Recorded one day after John Coltrane’s funeral, this session features Trane sideman Jimmy Garrison on two tracks and Joe McPhee (playing trumpet) on three. Thornton, who rehearsed across the hall from Ornette’s trio, certainly was listening. His piano-less quintet and extended New Art Ensemble pursue Coleman’s breakthroughs in melody and rhythm with different instrumentation. They certainly prove that free principals can be applied to the vibes, as Karl Berger does here and on later recordings with Don Cherry. Alto saxophonist Sonny King (we should find out more about this guy) tears through songs bridging bebop and freedom principles.

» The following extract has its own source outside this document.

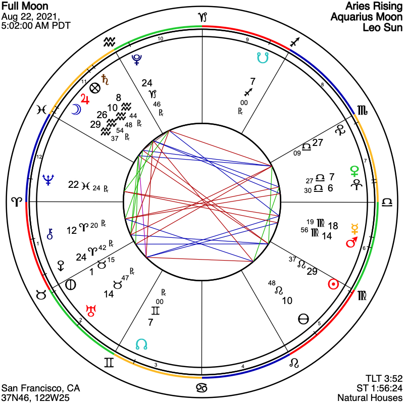 The August 22nd Aquarius Full Moon, taking place in the morning hours of Sunday, in the U.S., is the second Full Moon in Aquarius this summer, as the previous Full Moon of July 23rd was also in Aquarius. This is quite rare, because the successive Full Moon Suns are about thirty degrees apart, and there are only thirty degrees in a sign! As part of this phenomenon, the August 22nd Full Moon takes place at 29 ½ degrees of Aquarius (Moon) and of Leo (the Sun) therefore just preceding Virgo season by a few hours of time. Then, too, this double dose of Aquarius could be characterized as leading us down unconventional pathways into uncharted territory. The Fixed Air sign of Aquarius can be said to live to march to the beat of its own drum, and the lunar light reflected through this lens may have us actively seeking where we can experiment with expressing our own dynamism, by exploring the unique shape of who we truly are. With the Moon also in a close conjunction with Jupiter, this configuration offers us a larger-than-life opportunity to blossom into a more expansive view of our own individual circumstances, and our attitudes toward what we are ultimately up to in this lifetime.

Thornton’s valve trombone is the payday here. He floats lines, setting moods or barking replies to the cornet. Thornton’s trombone later recorded with Sunny Murray, Sun Ra and Archie Shepp. The liner notes point out he was denied a visa to enter France because they suspected him of belonging to the Black Panthers. His revolutionary music and self-produced LP’s received little attention in the mainstream press, as he had no access to distribute his music, and in the late 1960s and 1970s, American record companies were withdrawing their support of creative music. The Cecil Taylors, Anthony Braxtons and Joe McPhees of this world either became exiles or recorded for small foreign labels. Clifford Thornton moved to Europe and died in relative obscurity in the mid-80s. This document of significant music calls for further exploration of the ever-neglected free jazz past.